Coding Rules for Performance

There are 18 critical coding and architecture weaknesses to avoid in source code because of their impact on the performance of an application. For those familiar with the Common Weakness Enumeration (CWE), a repository of known software weaknesses managed by The MITRE Corporation, and a reference point for developers and tools, the Performance standard includes 15 parent weaknesses and 3 child weaknesses ("children") that map back to the CWE and have CWE identifiers.

Performance Efficiency assesses characteristics that affect an application’s response behavior and use of resources under stated conditions. Performance Efficiency affects customer satisfaction, workforce productivity, application scalability, response-time degradation, and inefficient use of processing or storage resources. The Performance Efficiency of an application lies in each individual component‘s performance, as well as in the effect of each component on the behavior of the chain of components comprising a transaction in which it participates.

To follow the standard guidelines, your source code should NOT contain these 18 critical weaknesses known to severely impact performance. Detection of these weaknesses can be automated on source code through static analysis.

Who Developed the Software Performance Efficiency Standard?

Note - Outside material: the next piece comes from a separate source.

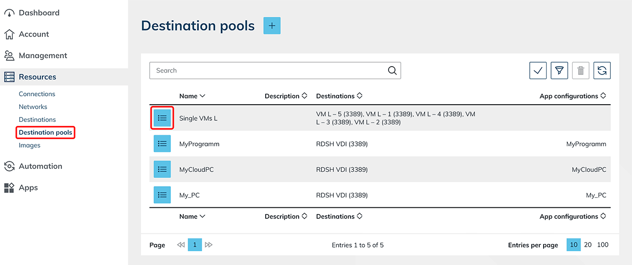 - Im Reiter Ressourcen gehen Sie auf Zielsystem-Pools und klicken dann auf das Listen-Symbol, um zur Detailseite zu gelangen.

The project team was led by Dr. Bill Curtis, CISQ Founding Executive Director and Chief Scientist at CAST Research Labs. The team consisted of delegates from CISQ sponsor organizations Accenture, Atos, Booz Allen Hamilton, CAST, CGI, Cognizant, ISHPI, Northrop Grumman, Synopsys, Tech Mahindra, and Wipro in addition to experts from the Software Engineering Institute at Carnegie Mellon University and the Common Weakness Enumeration project at The MITRE Corporation.

Who is Using the Software Performance Efficiency Standard?

The standard is used by government and industry organizations including the U.S. Department of State, U.S. General Services Administration, U.S. Army, U.S. Air Force, Northrop Grumman, CGI, Cognizant, Tech Mahindra, Manulife, Telefonica, BNY Mellon, and others. The standard is freely available to use, reference, and download.

Which Tools Support the Code Quality Standards?

The code quality standards from CISQ are comprised of software weaknesses (CWEs) that can be detected in source code through static code analysis. CAST and Synopsys (tool vendors) contributed to development of the standards and support the standards in their tools. Most static analysis tools identify some, if not all, critical CWEs. Ask tool vendors about support for measuring CWEs and the CISQ standards for Reliability, Security, Performance Efficiency, and Maintainability.